You can make sure you alway pull before committing by adding a hook in
your config.
[hooks]
pre-commit=hg pull -u
(hook provided without any testing, so migh need adjustment to work)
>
>>
>> If you have the rebase extension enabled, you can pass "--rebase" to "hg
>> pull", which will linearize the changesets after pulling.
>
> This sounds interesting. Can you please explain on the X,A,B example
> above, what "pull --rebase" will do?
>
> "rebase working directory to branch head" does not sound exactly clear.
> Which branch? I don't have branches, just accidentally create two heads
> from time to time.
Has soon are you start having multiple heads, you have topological branches.

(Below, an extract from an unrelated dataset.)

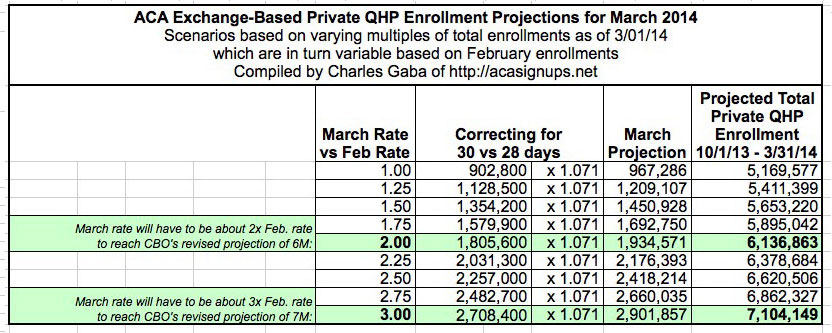 - Regarding March, I do have some very preliminary numbers from the first week of March for six states, and overall there's definitely an uptick so far, but it's far too early to have any idea how much of one. The bottom line is that March (which will only count 30 days, since March 1st will be included on the February report) will have to hit around double the February enrollment rate in order to hit the revised CBO 6 Million number, and nearly triple the February rate in order to hit the original CBO 7 million number. Doubling the rate (around 64,000/day) would require a similar surge to what we saw in December. Tripling it would require outpacing December by 50%. Doable? Perhaps. Likely? Probably not, but who the hell knows?

In your case you have two heads B and C. each on they own "topological
branch"
A---B
\
\-C
Lets says you committed "C" locally and pulled "B". (so you working copy
is on changeset of C).
rebase will "recreate" C (as a new changeset, C') on top of B. So the
result will be:
A---B---C'
>
> [dd]
>
>>
>>> For now I see that "hg diff -c 134" and "hg diff -c 132" look identical.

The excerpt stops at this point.